The neon sign of the by-the-hour and always discreet hotel across the street made shadowed bars on her face. We’d been there for hours, going over the police reports, looking for anything we hadn’t already learned about the case before something inside her broke and the cracks in her facade were starting to show.
“How do you do it?” she asked me, “how do you deal with your feelings when they start to get in the way. Lately, they’ve been so intrusive… and extrusive.”
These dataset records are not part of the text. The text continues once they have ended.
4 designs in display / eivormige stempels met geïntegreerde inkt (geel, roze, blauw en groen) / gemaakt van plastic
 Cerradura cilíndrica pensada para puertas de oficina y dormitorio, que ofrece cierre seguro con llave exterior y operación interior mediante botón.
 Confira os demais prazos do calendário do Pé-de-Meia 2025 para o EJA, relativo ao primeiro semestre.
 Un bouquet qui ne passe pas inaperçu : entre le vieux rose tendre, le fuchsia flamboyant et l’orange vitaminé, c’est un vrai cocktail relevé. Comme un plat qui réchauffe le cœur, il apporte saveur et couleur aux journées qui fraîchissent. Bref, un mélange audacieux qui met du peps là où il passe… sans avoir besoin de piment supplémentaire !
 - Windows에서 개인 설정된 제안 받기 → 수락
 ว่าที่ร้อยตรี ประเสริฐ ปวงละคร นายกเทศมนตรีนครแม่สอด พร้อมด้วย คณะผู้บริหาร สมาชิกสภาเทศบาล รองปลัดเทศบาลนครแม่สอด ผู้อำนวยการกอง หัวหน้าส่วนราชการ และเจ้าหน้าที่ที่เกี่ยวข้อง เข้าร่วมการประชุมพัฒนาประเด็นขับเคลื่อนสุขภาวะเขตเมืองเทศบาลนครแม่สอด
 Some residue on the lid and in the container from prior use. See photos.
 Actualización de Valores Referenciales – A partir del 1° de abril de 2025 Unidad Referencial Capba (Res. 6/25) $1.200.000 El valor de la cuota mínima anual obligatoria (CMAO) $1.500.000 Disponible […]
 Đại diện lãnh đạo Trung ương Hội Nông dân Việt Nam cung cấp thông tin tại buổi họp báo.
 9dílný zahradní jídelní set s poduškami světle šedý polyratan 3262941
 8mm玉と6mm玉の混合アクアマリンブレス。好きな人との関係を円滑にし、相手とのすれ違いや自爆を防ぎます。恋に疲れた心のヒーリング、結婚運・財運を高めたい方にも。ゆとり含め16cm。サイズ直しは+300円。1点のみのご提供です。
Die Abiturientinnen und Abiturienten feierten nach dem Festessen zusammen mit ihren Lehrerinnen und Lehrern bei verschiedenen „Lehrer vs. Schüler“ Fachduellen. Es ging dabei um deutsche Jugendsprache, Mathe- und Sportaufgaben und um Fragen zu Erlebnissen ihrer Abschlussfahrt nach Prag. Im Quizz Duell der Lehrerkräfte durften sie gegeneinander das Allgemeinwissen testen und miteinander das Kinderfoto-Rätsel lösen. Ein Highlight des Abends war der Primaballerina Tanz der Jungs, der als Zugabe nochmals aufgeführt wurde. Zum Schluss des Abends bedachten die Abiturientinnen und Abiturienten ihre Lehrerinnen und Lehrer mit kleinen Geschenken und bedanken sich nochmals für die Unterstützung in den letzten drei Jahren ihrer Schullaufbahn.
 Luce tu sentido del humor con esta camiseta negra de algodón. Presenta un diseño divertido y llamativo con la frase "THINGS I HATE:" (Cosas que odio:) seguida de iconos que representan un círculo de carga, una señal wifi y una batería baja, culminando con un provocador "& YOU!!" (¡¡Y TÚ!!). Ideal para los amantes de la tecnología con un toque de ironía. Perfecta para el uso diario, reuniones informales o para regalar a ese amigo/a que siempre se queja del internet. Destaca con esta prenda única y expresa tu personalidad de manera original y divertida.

I thought about what she was saying. We’ve all been there. Hung up on some no-good dame or some boozed-up lout and everyone in our life knows we’re no good for each other. Knowing that we’re stuck and we can’t get out of it no matter how hard we try; because the heart wants what the heart wants, and like overindulgent parents, we give in to its demands all too often.
I stalled for time by lighting a cigarette, then I spoke.
“I guess, mostly I have years of not trusting initial impulses and remembering that emotions are just that. They are clues to a situation, but not the situation themselves. Sometimes they’re red herrings. Sometimes they’re important clues to a case you’re not working on at the moment. Clues are the stool pigeons of the subconscious. Occasionally useful, always suspect.”
“huh, you really fit the type. the guy who open this agency order you from a catalog or something?”
I smiled wearily at her. “you asked. I never said I wasn’t some two-bit stock character. You’re the one projecting all this depth on me.”
“Thanks,” she said, “I’ll remember what you said.” Then she walked out the door into the night.